OFAC administers and enforces economic and trade sanctions based on U.S. foreign policy and national security goals.  The sanctions target foreign countries and regimes, terrorists, international narcotics traffickers, and those organizations, entities, and individuals engaged in activities that are considered threats to the national security, foreign policy or the economy of the United States. Economic sanctions are designed to deprive the target of the use of its assets and to deny it access to the U.S. financial system and the benefits of trade, transactions, and services in the U.S. markets. OFAC acts under Presidential national emergency powers, as well as specific legislation, to prohibit transactions and block (or ‘‘freeze’’) assets subject to U.S. jurisdiction. OFAC is responsible for civil investigation and enforcement of economic sanctions violations committed by Subject Persons, as defined in the Guidelines. Where appropriate, OFAC may coordinate its investigative and enforcement activities with federal, state, local and/or foreign regulators and/or law enforcement agencies. Active enforcement of these programs is a crucial element in preserving and advancing the national security, foreign policy and economic objectives that underlie these initiatives. Penalties, both civil and criminal, serve as a deterrent to conduct that undermines or prevents these sanctions programs from achieving their various goals.

The economic sanctions enforced by OFAC target transactions with any of the countries, organizations, entities and individuals that are governed by OFAC.  The economic sanctions include civil and criminal penalties.  Therefore, before entering into any international business transaction, it is important to verify that the parties to the transaction are not targets of OFAC's economic sanctions programs.

Flagrancy of Apparent Violations

While deciding the basic penalty amount to be levied for a violation, the OFAC considers two main criteria. The first being the “Egregiousness” of the apparent violations which is again based on the first four general factors listed in the Enforcement Guidelines with emphasis on the first two. The first four factors for determining the egregiousness of a case as per the Enforcement Guidelines are listed as under:


1.       Willful or Reckless Violation of Law

               → This deals with the indulgence in the act of Willfulness, Recklessness, Concealment,

                    Patten of Misconduct, Prior Notice and Management Involvement

2.       Awareness of Conduct at Issues

               → This factor elaborates on such issues as Actual Knowledge, Reason to Know and

                    Management Involvement.
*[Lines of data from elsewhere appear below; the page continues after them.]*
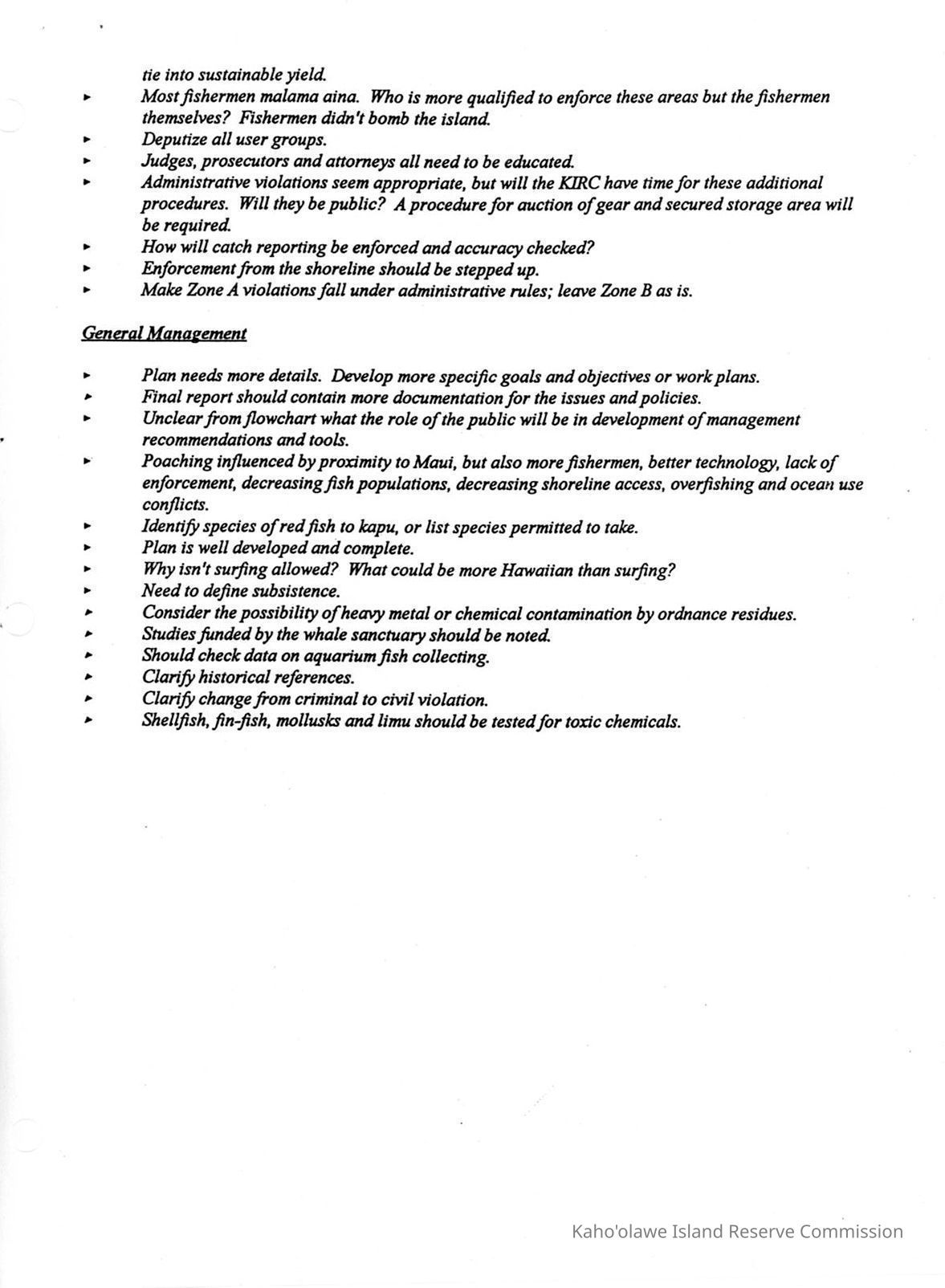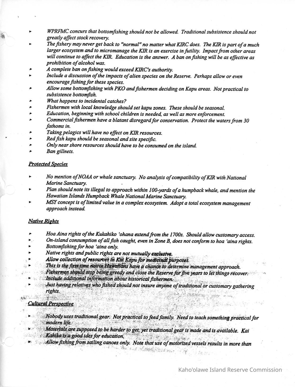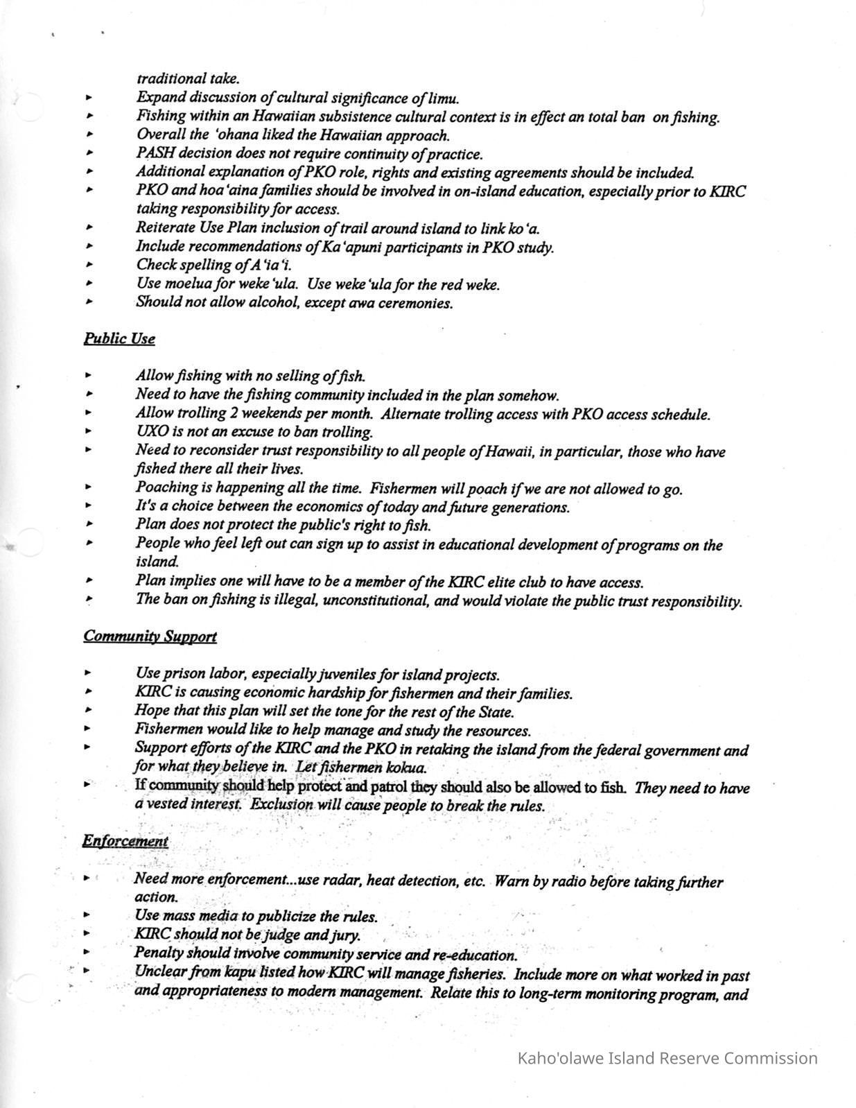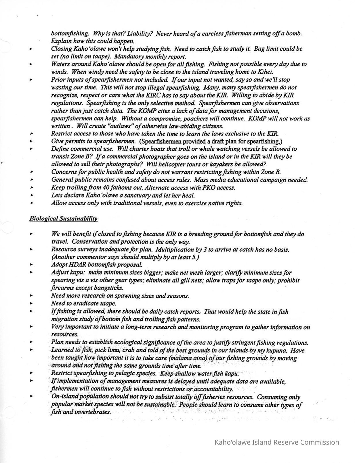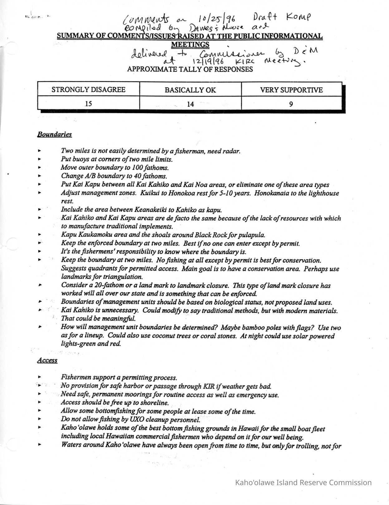 Contains approximate tally of responses and comments under the headings of: boundaries, access, biological sustainability, protected species, native rights, cultural perspective, public use, community support, enforcement and general management.Collection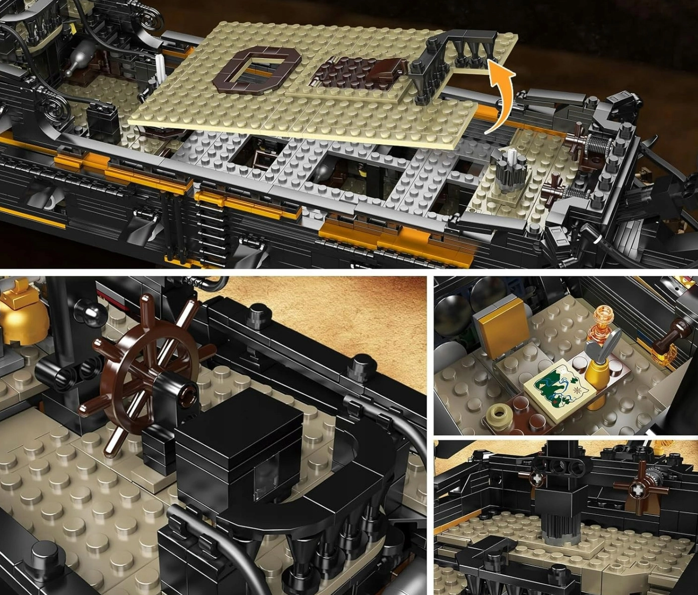 Dette store piratskibsbyggesæt vil glæde enhver fan af krævende byggeri og elskere af maritime modeller. Af 3180 præcist udformede klodser bygger du et imponerende sort skib med mange autentiske detaljer, der gør sig bemærket både på hylden og under leg.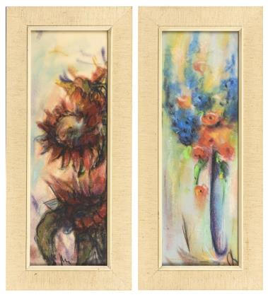 Expressive Darstellungen von Sonnenblumen und einem Strauß in schlanker Vase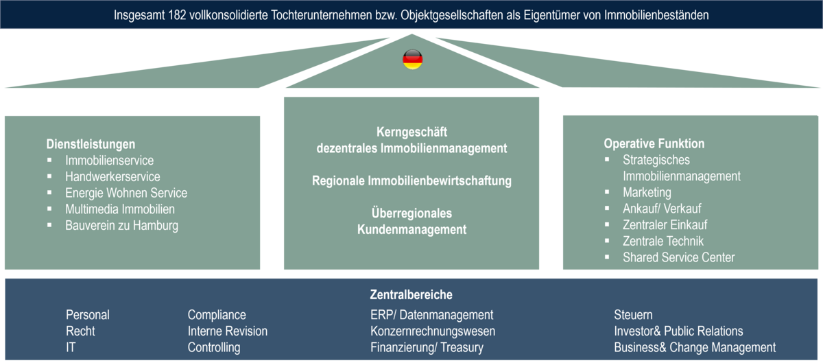 Zum einen verwalten wir unsere Immobilenbestände so effizient und nachhaltig wie möglich. Zum anderen reagieren wir schnell auf die Dynamik des Wohnungsmarktes, um immer wieder neue Renditechancen zu nutzen. Voraussetzung dafür ist eine schlanke und schlagkräftige Organisation:
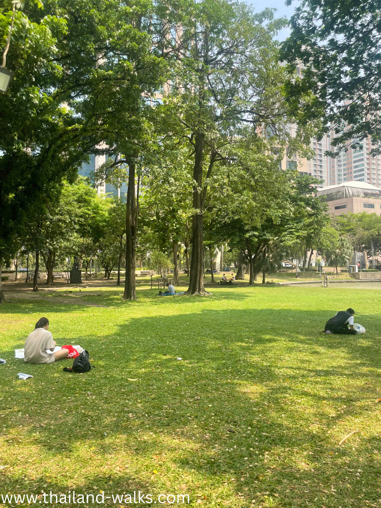 The focal point centers around a large pond in the mesial bowels of the park. This epicenter of the park is the central gathering point of most of its occupants in order to stretch out in the grass and lounge under a tree to avoid the unforgiving Bangkok sun.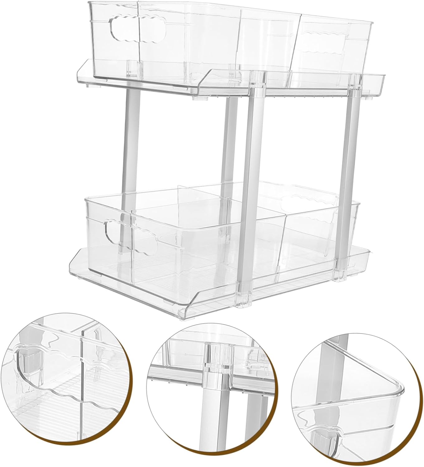 Package Include 1 x storage rack Characteristics -Size:37.00X35.50X22.80cm/14.54X13.95X8.96in home supplies -Material:Plastic storage stand -Color:Transparent dresser organizer countertop - Simple structure, strong bearing capacity, it can store and organize more items, bringing you great using feeling countertop shelf. - Double layers can help you organize different items more easily, and it enables you to find things faster makeup organizer for bathroom countertop. - Detailed workmanship, can create a new look to your place, also a wonderful decoration dresser storage holder. - Mainly made of plastic material, this desktop storage shelf is with excellent texture and longer service life countertop bathroom organizer. - It can be well applied to your bathroom, bedside or any places, helping you to store cosmetics or other sundries bathroom countertop organizer.Goods Informationcountertop vanity organizer workmanship, reasonable double-layers design, can easily help you to store your sundries like keys, cosmetics and jewelries, make your place tidier and bring your home a new look.desktop toiletry organizer This practical and sturdy sundry shelf is mainly in adoption of reliable material, convenient and can serve you for a long period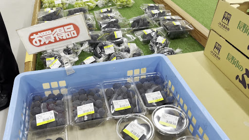 今回は、朝イチにこちらのお店に立ち寄ったので、とてもお得なお買い物ができました。 シャインマスカット、大粒のものが¥880でした。 クインニーナやながのパープルもありました。 朝イチのお買い得商品だと思いますので、売り切ったらこちらは終了ではないかと思います。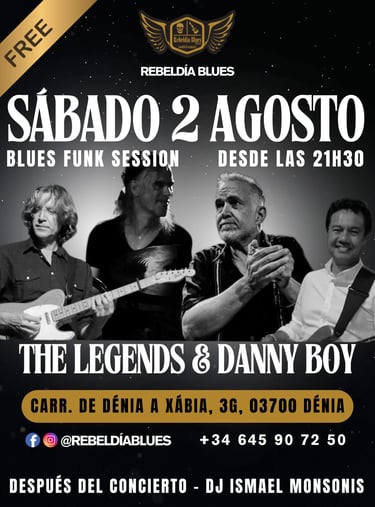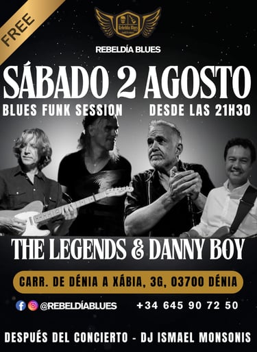Este sábado 2 de agosto, no te pierdas una noche espectacular en Rebeldía Blues (Dénia) con la actuación en directo de The Legends & Danny Boy. Desde las 21:30 h, el escenario se llenará de energía con una potente sesión de blues y funka cargo de músicos de gran trayectoria.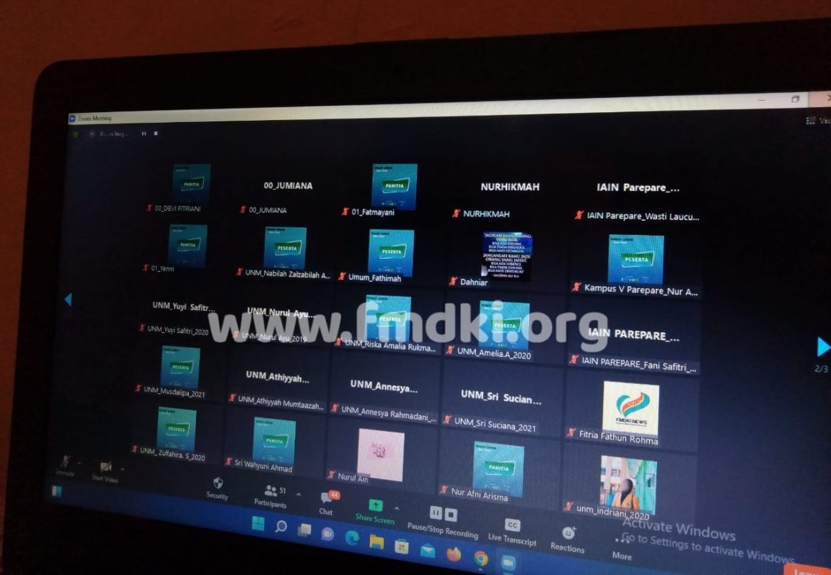 FMDKI.ORG, PAREPARE – Forum Muslimah Dakwah Kampus Indonesia (FMDKI) Daerah Parepare rangkul tiga Lembaga Dakwah Kampus (LDK) adakan kajian Jum’at (KAMAT) Akbar, Jumat (01/07/2022). Ketiga LDK tersebut adalah Lembaga Dakwah Kampus Babul Ilmi Kampus V UNM parepare, Study Club An-Nuur, dan Study Club Ulul Albab Parepare. Kegiatan ini berlangsung via …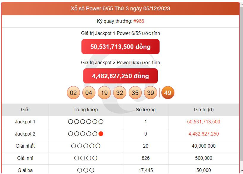 Kết quả xổ số Vietlott thứ Ba ngày 5/12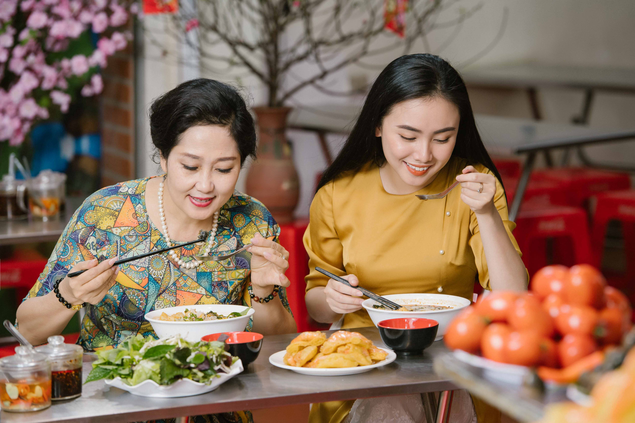 Về phía khách hàng, đi mua hàng năm mới cũng hứa hẹn một niềm vui. Những ngày này, người ta tiêu xài thoải mái hơn sau một năm đã tích lũy một món tiền tiêu Tết. Ngày xuân, sau khi đã chán các món cỗ cổ truyền, mọi người thích ra phố, vào các quán mới mở hàng bởi lẽ những người chủ hàng cũng cố gắng dành sự quan tâm chăm chút đến món ăn của bản hiệu. Cả đôi bên đều ý thức mình đang tạo ra một cuộc giao lưu ẩm thực mang tính trang trọng hơn mọi ngày trong năm. Đặc biệt lúc này, những quán bún ốc, bún cá rô đồng và phở, những thứ mà người thích ăn quà trong năm đã phải nhịn hơn một tuần từ trước Tết, cũng là những món không có trên mâm cỗ Tết, thật đắt hàng.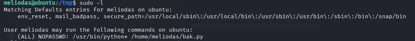 Bingo! The output shows that meliodas can run a Python script as root without a password: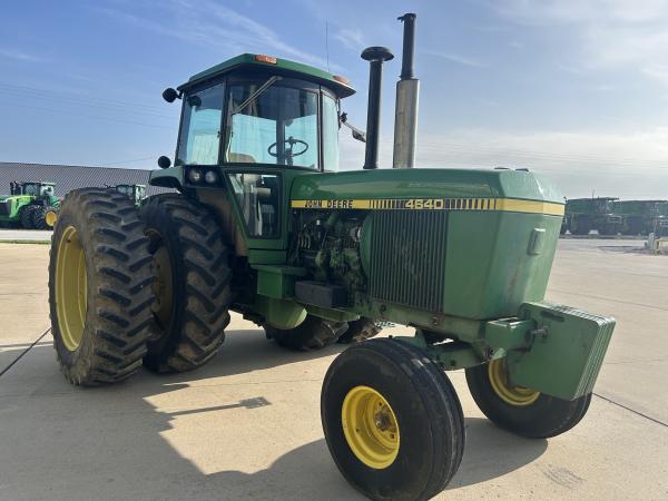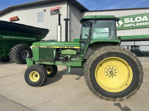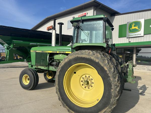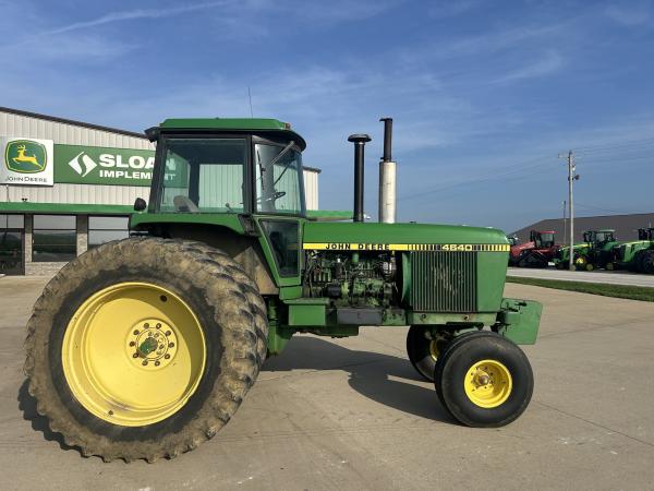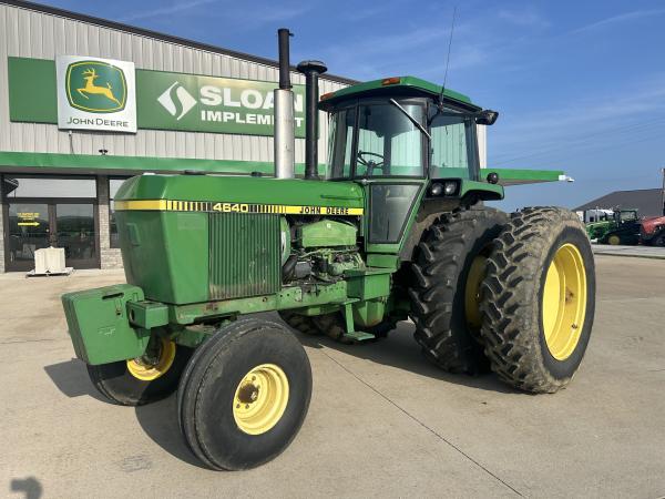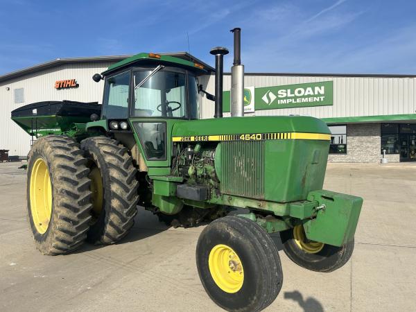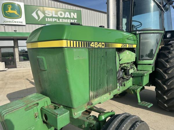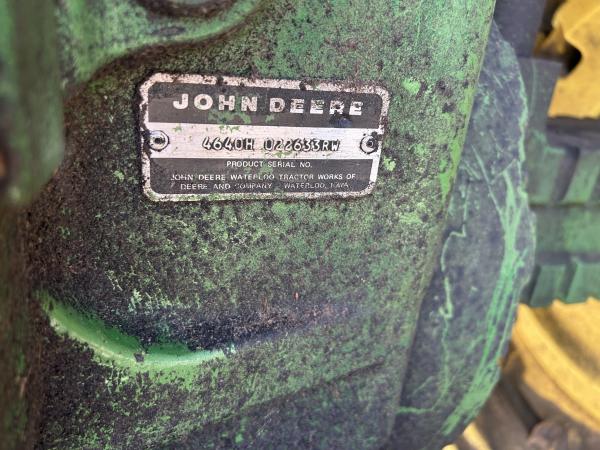 1981 JD 4640 TRACTOR, QUAD RANGE TRANSMISSION, 11.00X16 (70%), 18.4X42 AXLE DUALS, MISMATCH REAR TIRE BRANDS, LARGE 1000 PTO, CAST CAT 3 QUICK HITCH, 2 SCV BUT ALSO INCLUDES AN ELECTRIC VALVE TO PROVIDE A 3RD OUTLET, 6 FRONT WEIGHTS, RADIO DOES NOT WORK, SELL AS IS...Before driving to see this item, please call or email to confirm availability.

3.       Harm to Sanctions Program Objectives

               → Discusses Economic or Other Benefit to the Sanctioned Individual, Entity, or Country ,

                    Implications for US policy, Implications for US policy, License Eligibility and Humanitarian


4.       Individual Characteristics

               → Concerned with Commercial Sophistication , Size of Operations and Financial Conditions,

                    Volume of Transactions, Sanctions Violation History

The second criteria used in the Enforcement Guidelines to determine the base civil penalty amount is the submission of a Voluntary Self-Disclosure (VSD) by the party involved prior to the time that OFAC, or any other federal, state or local government agency or official, discovers the apparent violation or another substantial similar apparent violation.